The comment from Deane Galbraith under James' post lights on the real problem: the inability to treat Paul as a neutral or hostile witness. It's a mark of double-standard scholarship so often seen in evangelical writings, not to mention the apriori weight given to Judeo-Christian traditions over Greco-Roman. Says Deane:
"If I follow Bird's train of thought, the idea of 'nature' which Greek, Roman, and ('uninspired') Jewish literature describes would be 'very much constructed on the basis of a particular cultural framework'. Which is right. But when Paul makes very much the same appeal to 'nature', Bird's critical ability to discern a cultural construct apparently deserts him. Bird does not ask any critical questions about Paul's pronouncements on nature. For Bird, once Paul has spoken, he must be defended, not criticised. Paul's words about the topic of 'nature' – no matter how many parallels with contemporary Greek and Roman writers Bird adduces – cannot ever be treated as a social construct.

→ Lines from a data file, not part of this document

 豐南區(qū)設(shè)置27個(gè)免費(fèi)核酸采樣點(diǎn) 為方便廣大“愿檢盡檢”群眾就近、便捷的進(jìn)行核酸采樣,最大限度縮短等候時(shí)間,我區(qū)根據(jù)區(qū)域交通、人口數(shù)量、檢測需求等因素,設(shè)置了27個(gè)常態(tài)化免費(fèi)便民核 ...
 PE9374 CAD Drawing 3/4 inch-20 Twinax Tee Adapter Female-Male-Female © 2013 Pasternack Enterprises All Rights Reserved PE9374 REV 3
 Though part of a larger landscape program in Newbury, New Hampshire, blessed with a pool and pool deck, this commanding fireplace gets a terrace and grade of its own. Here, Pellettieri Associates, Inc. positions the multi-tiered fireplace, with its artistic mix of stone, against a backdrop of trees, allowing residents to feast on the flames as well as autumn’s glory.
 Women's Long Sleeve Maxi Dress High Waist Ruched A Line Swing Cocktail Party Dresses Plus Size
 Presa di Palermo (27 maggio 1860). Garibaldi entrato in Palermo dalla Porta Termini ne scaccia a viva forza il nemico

At this point, criticism is abandoned, 'nature' is absolutized into 'the created order of things designed and put into effect by God and which showcases God's very own glory', and the question of the how Paul's words were socially constructed is ruled out of court.That pretty much sums up the problem with folks like Bird, Wright, and Witherington, and Crossley is not being unfair in implying that a certain level of homophobia is mainstreamed in the academy.

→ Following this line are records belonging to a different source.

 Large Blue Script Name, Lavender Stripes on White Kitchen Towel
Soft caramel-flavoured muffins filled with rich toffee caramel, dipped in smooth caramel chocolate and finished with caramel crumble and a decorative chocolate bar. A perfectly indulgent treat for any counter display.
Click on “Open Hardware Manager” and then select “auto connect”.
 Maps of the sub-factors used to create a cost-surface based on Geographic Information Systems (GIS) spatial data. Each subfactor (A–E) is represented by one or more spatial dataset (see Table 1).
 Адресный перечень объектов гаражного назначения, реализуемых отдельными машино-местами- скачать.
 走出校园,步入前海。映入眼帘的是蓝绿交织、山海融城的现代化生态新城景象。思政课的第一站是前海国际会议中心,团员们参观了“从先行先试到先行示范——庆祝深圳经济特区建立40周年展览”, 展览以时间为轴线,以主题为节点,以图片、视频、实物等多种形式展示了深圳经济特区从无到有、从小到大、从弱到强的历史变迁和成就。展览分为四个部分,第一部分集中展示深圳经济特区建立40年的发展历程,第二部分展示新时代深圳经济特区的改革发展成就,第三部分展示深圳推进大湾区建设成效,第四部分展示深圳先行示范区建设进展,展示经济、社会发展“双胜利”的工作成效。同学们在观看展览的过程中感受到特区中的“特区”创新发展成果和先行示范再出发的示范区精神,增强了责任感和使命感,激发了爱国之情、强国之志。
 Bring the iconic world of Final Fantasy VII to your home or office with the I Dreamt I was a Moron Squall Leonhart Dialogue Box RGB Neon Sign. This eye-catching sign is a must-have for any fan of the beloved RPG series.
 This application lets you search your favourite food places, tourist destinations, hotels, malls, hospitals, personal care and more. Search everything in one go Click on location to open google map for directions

"Bird's reluctance to penetrate beyond the surface or rim of the question of the social construction of Paul's categories – in stark contrast to his willingness to plunge hands and feet into the social constructedness of Greek and Roman writers – marks the very failure of any critical project he purports to be undertaking. But it is worse than that: it is criticism used tendentiously, and self-consciously so, and so the abuse of scholarship for certain pre-established claims. Yeah, yeah, we all do it to some extent, I know we all have presuppositions, but it's one thing to be aware that you have some dirt on your person that you can't see, another thing entirely to wallow in the mud like a pig in shit."

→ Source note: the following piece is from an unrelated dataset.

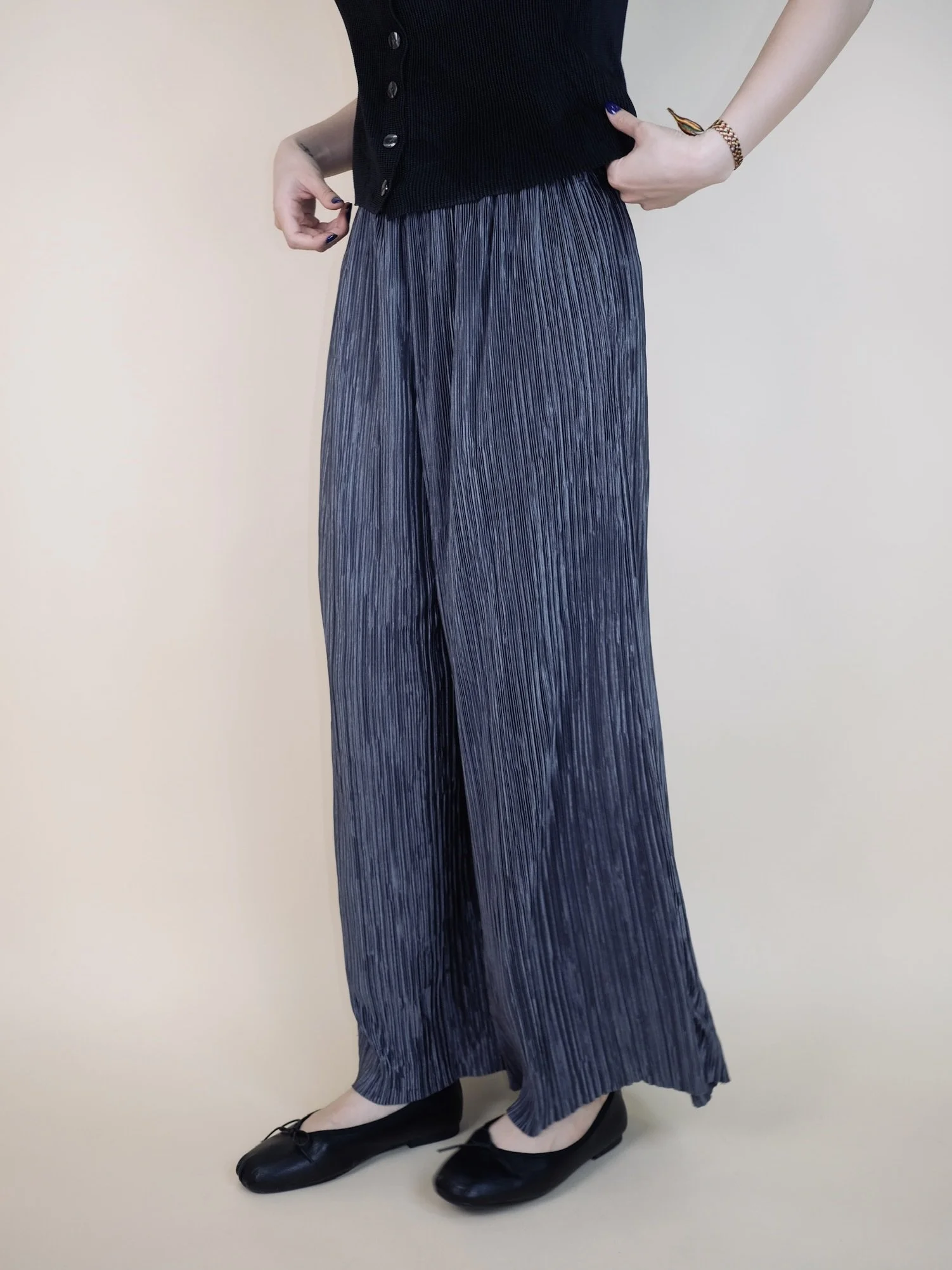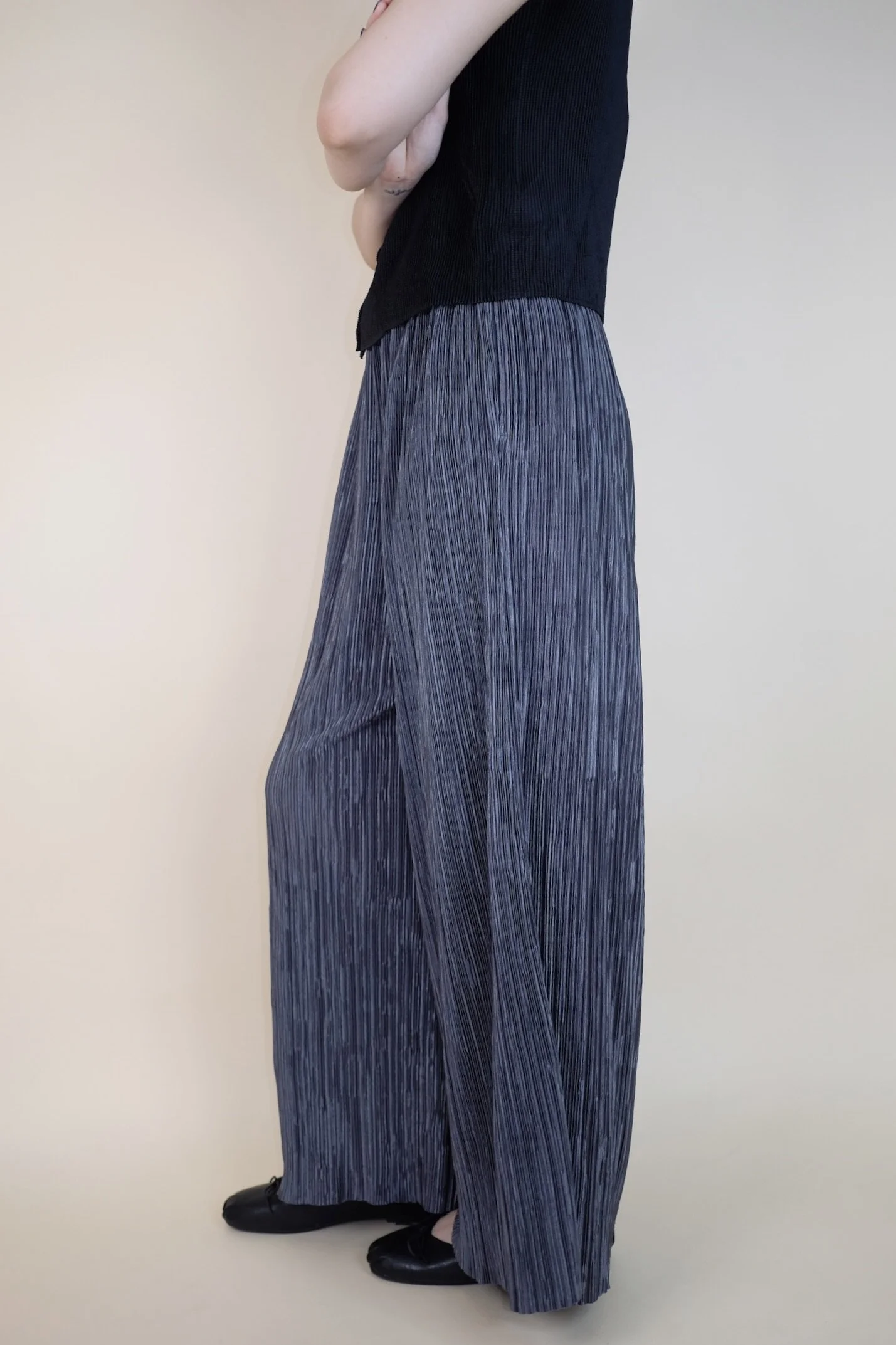 Shop › Dark Grey Wide-Leg Pleated Pants Image 1 of 6 Image 2 of 6 Image 3 of 6 Image 4 of 6 Image 5 of 6 Image 6 of 6 Dark Grey Wide-Leg Pleated Pants €60.00 sold out Color: Dark Grey — Slightly shinnyIn very good condition.Fits: S/M/L — Total Length: cm / Waistband: cm Sold Out Added! Color: Dark Grey — Slightly shinnyIn very good condition.Fits: S/M/L — Total Length: cm / Waistband: cm

Mike Bird retorted to this business by implying that James Crossley represents self-righteous secularism, mostly by fudging over what really constitutes homophobia, but many people (myself included) tend to use the term synonymously with sexual predjudice. To be precise, predjudice is simply an attitude or judgment directed against a social group which involves hostility, dislike, or feelings of moral superiority. It's a descriptive term and doesn't account for any of the dynamics or motivations of the predjudice. If those like Bird are using Paul to endorse the idea that homosexual behavior is wrong, unacceptable, or inferior (regardless of what precisely Paul thought about homosexual behavior, which, in partial agreement with Bird I take to be largely negative), then this is indeed a predjudice, and it's not self-righteous for people like James Crossley to point this out.
With regards to homophobia, Bird says, rather amazingly:
"Now I had always thought that homophobic (= gay-hating) behaviour would be something like setting up a website called 'Godhatesfags.com' or else standing outside a gay bar with a cricket bat ready to bludgeon the first man in leather jeans who walks out of it. For Crossley, however, homophobia is exceedingly broad."Now I have friends who are Christian (liberal and moderately conservative), Unitarian, Jewish, atheists -- and each and every one of them has an understanding of homophobia that is as "broad" as James Crossley's. It's simply not true that homophobia necessarily involves inflammatory predjudice. This site is as good a guide as any to the term, and outlines the four basic manifestations of homophobia (personal, interpersonal, institutional, cultural), and it wouldn't be the wildest guess that one or more of these would apply to Bird. But I don't know Michael well enough, or his church, to opine beyond this.
If we took a cue from Deane and really explored the social constructs of Paul's view of the matter, then an argument that Paul, as an honor-shame macho man, hated male homosexuality, but didn't have much to say about female homosexuality (if Rom 1:26 points to alternative heterosexual behavior instead of lesbianism) has a lot going for it; he was also galled in particular, as a Jew, by the pagan practice of temple prostitution. Perhaps this will serve as the subject for a later post.